╭─ Data

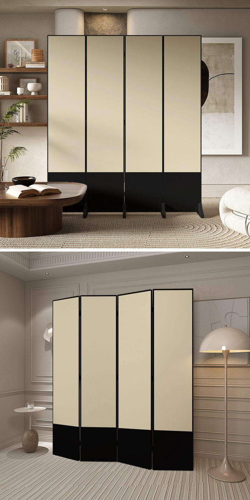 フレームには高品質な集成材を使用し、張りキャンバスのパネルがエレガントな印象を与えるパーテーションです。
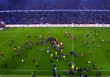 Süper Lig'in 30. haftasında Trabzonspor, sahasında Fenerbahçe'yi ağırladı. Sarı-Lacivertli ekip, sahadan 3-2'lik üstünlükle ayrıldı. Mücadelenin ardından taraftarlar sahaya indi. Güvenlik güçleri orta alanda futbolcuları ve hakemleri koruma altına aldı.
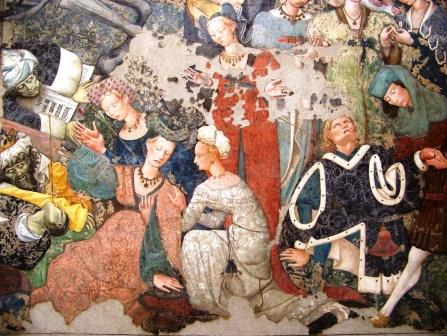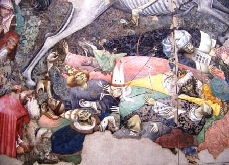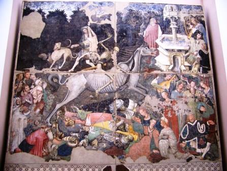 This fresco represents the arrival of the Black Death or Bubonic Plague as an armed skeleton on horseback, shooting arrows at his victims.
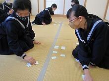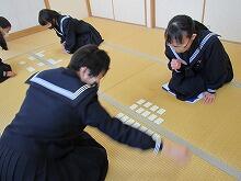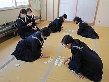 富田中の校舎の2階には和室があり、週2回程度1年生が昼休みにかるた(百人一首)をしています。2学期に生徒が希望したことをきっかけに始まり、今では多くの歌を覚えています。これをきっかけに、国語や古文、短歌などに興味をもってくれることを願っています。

╰─
╭─ Data

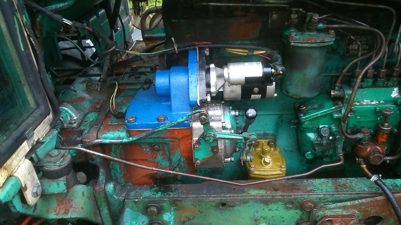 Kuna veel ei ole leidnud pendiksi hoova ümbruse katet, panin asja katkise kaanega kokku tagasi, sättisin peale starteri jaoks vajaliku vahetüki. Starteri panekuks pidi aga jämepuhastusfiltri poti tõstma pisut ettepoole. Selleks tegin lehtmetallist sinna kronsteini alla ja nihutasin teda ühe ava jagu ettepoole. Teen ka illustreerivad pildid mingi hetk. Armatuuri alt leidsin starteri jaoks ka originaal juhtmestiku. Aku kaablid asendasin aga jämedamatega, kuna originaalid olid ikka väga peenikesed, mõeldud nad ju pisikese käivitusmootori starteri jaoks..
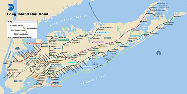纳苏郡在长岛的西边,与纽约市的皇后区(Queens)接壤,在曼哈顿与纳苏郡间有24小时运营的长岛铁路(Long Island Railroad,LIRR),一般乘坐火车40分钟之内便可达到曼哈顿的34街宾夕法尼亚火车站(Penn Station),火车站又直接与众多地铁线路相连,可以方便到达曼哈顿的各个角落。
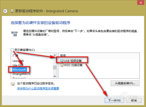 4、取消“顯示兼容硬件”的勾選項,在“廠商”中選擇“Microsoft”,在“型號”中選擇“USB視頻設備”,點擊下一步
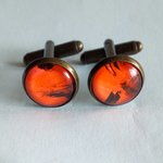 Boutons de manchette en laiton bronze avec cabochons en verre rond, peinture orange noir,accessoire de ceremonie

╰─

▶ [Work task]:
Nothing but the lines above from the one that has "フレームには高品質な集成材を" down to the one that has "Süper Lig'in 30." belongs in the answer, copied exactly, without pictures.

▶ [Exercise output]:
 フレームには高品質な集成材を使用し、張りキャンバスのパネルがエレガントな印象を与えるパーテーションです。
 Süper Lig'in 30. haftasında Trabzonspor, sahasında Fenerbahçe'yi ağırladı. Sarı-Lacivertli ekip, sahadan 3-2'lik üstünlükle ayrıldı. Mücadelenin ardından taraftarlar sahaya indi. Güvenlik güçleri orta alanda futbolcuları ve hakemleri koruma altına aldı.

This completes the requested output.